▸ Your task
In the listing below, find the line holding "グランツ ナイトテーブル NT508" and the line holding "Before they were". Write out those two lines and all lines between, exactly, and nothing more.

▸ Input material
******

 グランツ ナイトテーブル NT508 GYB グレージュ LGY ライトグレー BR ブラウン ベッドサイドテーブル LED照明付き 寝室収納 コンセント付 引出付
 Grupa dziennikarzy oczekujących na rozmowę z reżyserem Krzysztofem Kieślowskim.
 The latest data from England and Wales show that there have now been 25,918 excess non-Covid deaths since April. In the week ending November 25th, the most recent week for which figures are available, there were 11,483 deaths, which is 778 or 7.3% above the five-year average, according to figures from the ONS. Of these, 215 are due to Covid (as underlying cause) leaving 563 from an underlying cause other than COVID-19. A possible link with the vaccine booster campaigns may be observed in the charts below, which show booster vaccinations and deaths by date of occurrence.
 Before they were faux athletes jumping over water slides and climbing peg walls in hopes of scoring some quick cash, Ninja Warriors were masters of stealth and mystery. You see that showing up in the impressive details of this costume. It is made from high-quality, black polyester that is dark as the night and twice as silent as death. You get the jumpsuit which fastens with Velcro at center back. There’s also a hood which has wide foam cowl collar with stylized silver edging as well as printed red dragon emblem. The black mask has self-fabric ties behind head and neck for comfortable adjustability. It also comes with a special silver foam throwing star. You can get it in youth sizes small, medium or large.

******

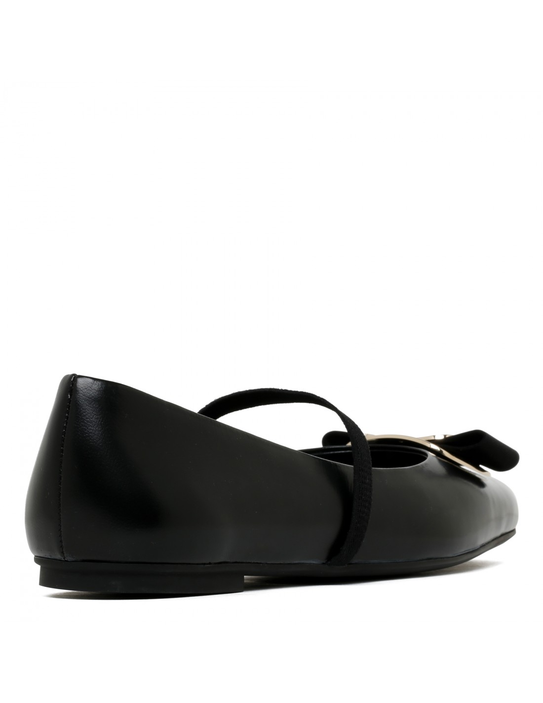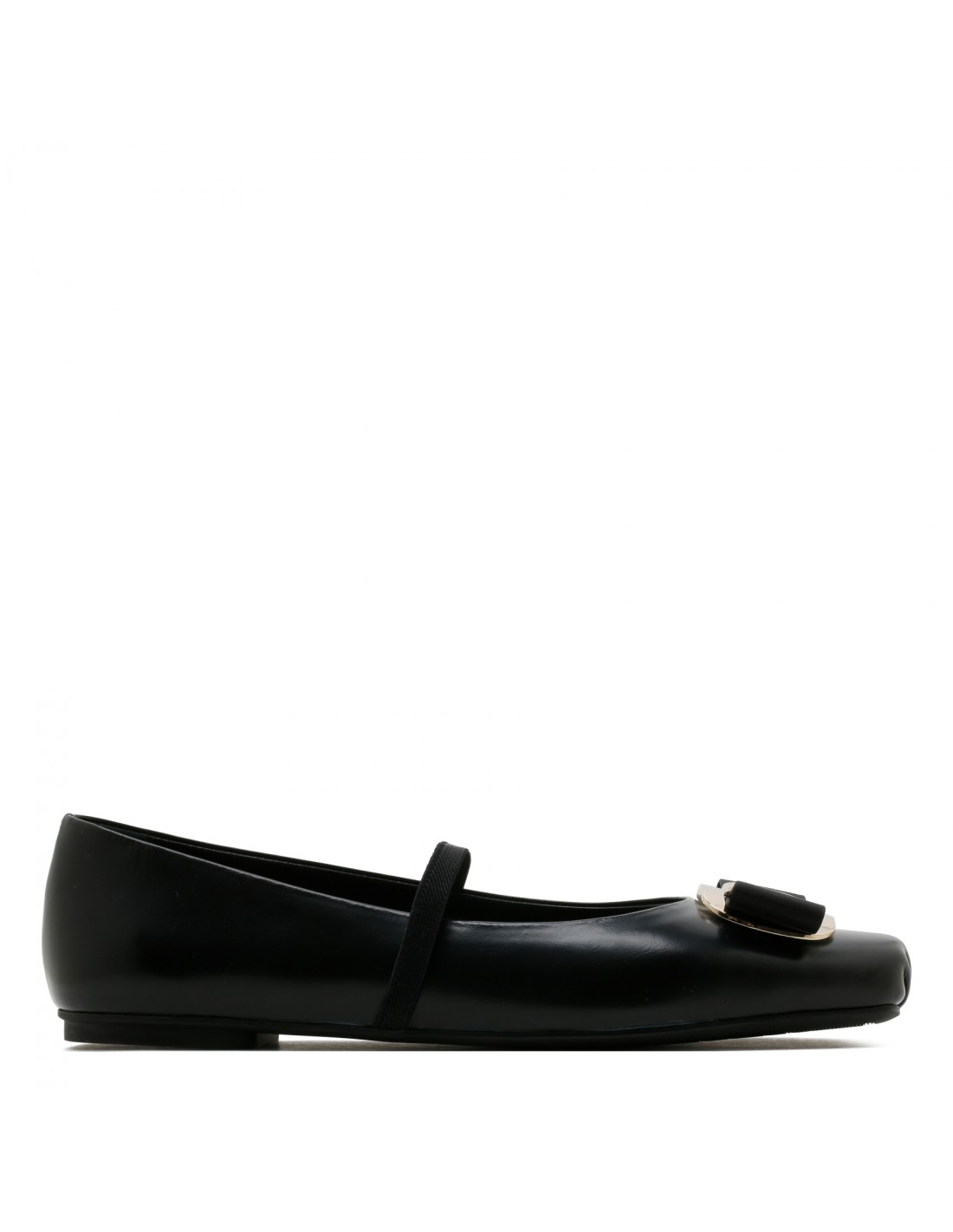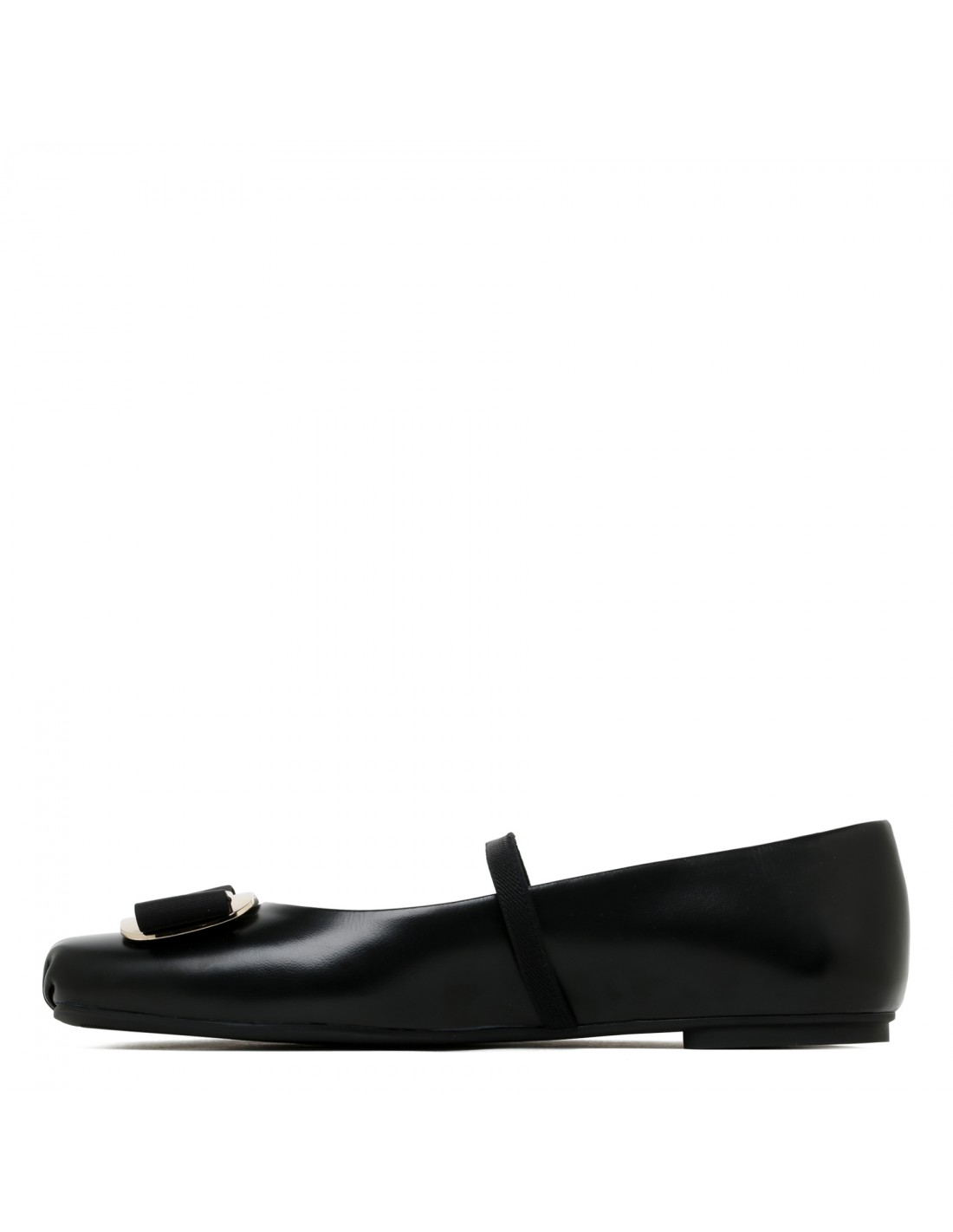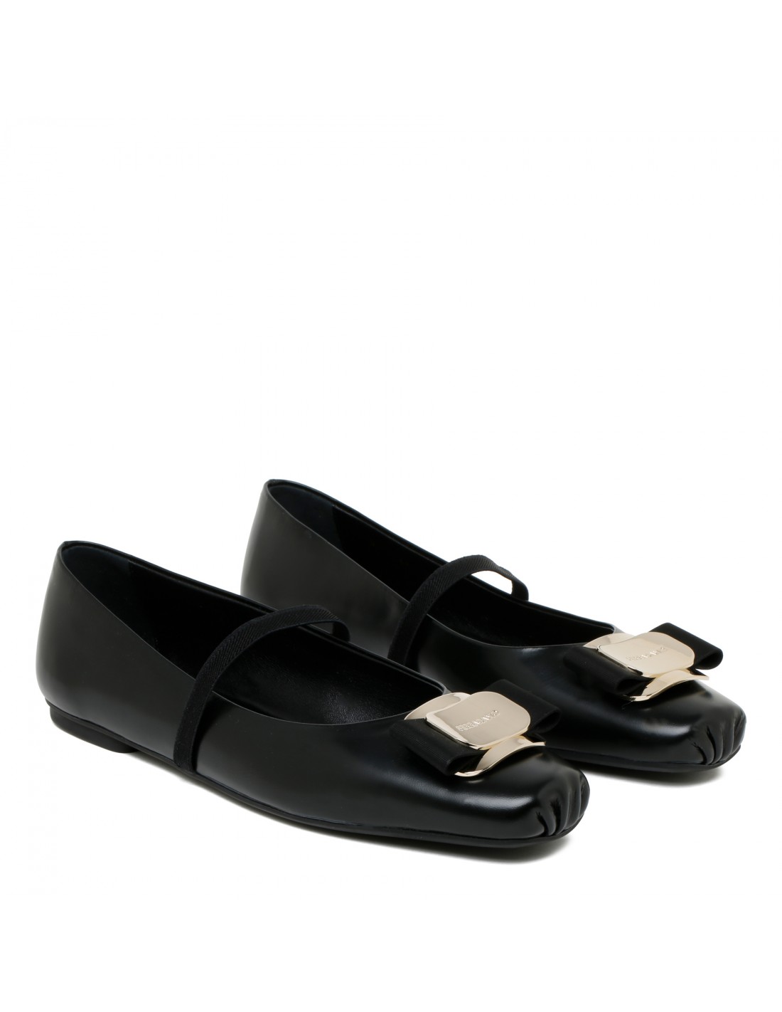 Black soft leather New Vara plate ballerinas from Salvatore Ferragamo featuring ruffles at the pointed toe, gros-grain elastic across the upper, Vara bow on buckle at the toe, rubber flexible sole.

******

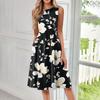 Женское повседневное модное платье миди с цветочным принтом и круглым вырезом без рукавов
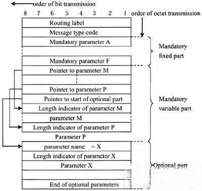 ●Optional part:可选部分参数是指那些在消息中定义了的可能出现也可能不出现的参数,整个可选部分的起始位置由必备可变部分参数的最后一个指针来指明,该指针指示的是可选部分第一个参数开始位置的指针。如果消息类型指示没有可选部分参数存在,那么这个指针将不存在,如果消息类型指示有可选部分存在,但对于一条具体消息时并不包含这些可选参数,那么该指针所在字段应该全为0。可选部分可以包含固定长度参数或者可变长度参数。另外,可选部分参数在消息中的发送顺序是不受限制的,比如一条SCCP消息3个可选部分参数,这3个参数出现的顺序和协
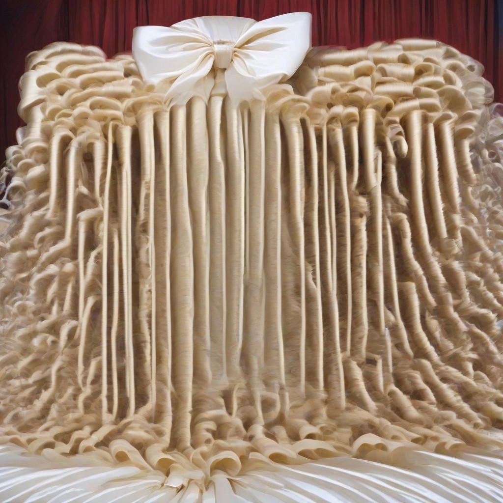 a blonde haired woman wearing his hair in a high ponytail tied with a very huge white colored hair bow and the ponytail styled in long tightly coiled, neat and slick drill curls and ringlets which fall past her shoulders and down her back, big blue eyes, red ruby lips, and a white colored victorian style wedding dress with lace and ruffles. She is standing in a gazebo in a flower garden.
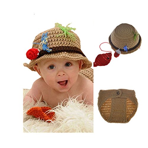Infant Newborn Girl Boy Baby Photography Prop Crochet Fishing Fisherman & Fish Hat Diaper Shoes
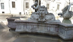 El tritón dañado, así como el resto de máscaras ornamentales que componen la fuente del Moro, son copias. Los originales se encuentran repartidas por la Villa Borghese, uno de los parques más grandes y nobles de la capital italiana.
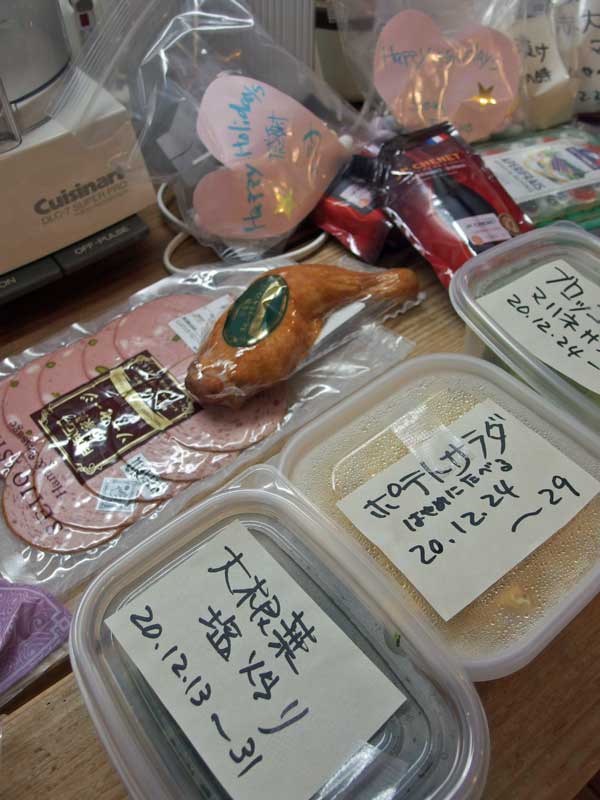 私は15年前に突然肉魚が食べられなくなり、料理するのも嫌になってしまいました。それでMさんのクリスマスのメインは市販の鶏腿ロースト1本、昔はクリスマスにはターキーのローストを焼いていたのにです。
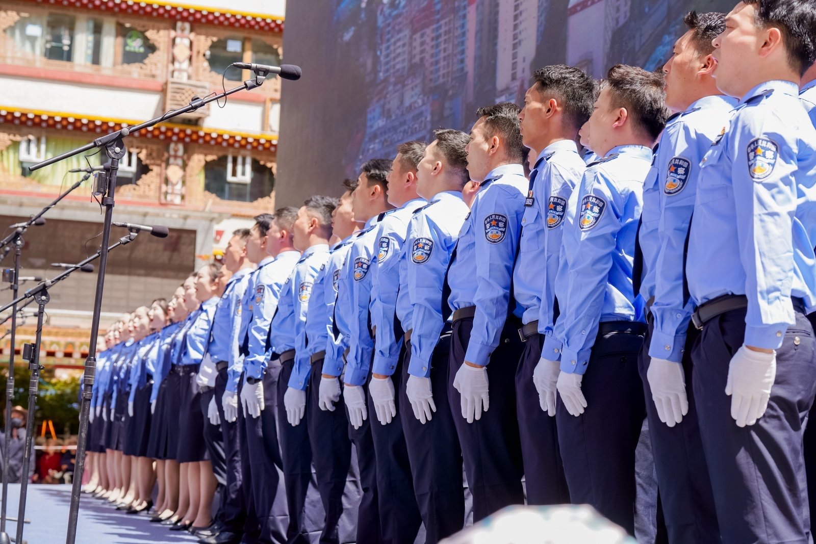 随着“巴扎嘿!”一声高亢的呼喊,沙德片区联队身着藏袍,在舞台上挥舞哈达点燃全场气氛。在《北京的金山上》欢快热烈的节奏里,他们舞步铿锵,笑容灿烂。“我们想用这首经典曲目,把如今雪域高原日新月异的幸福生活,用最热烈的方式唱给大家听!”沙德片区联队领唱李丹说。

******

▸ Solution to this problem
 グランツ ナイトテーブル NT508 GYB グレージュ LGY ライトグレー BR ブラウン ベッドサイドテーブル LED照明付き 寝室収納 コンセント付 引出付
 Grupa dziennikarzy oczekujących na rozmowę z reżyserem Krzysztofem Kieślowskim.
 The latest data from England and Wales show that there have now been 25,918 excess non-Covid deaths since April. In the week ending November 25th, the most recent week for which figures are available, there were 11,483 deaths, which is 778 or 7.3% above the five-year average, according to figures from the ONS. Of these, 215 are due to Covid (as underlying cause) leaving 563 from an underlying cause other than COVID-19. A possible link with the vaccine booster campaigns may be observed in the charts below, which show booster vaccinations and deaths by date of occurrence.
 Before they were faux athletes jumping over water slides and climbing peg walls in hopes of scoring some quick cash, Ninja Warriors were masters of stealth and mystery. You see that showing up in the impressive details of this costume. It is made from high-quality, black polyester that is dark as the night and twice as silent as death. You get the jumpsuit which fastens with Velcro at center back. There’s also a hood which has wide foam cowl collar with stylized silver edging as well as printed red dragon emblem. The black mask has self-fabric ties behind head and neck for comfortable adjustability. It also comes with a special silver foam throwing star. You can get it in youth sizes small, medium or large.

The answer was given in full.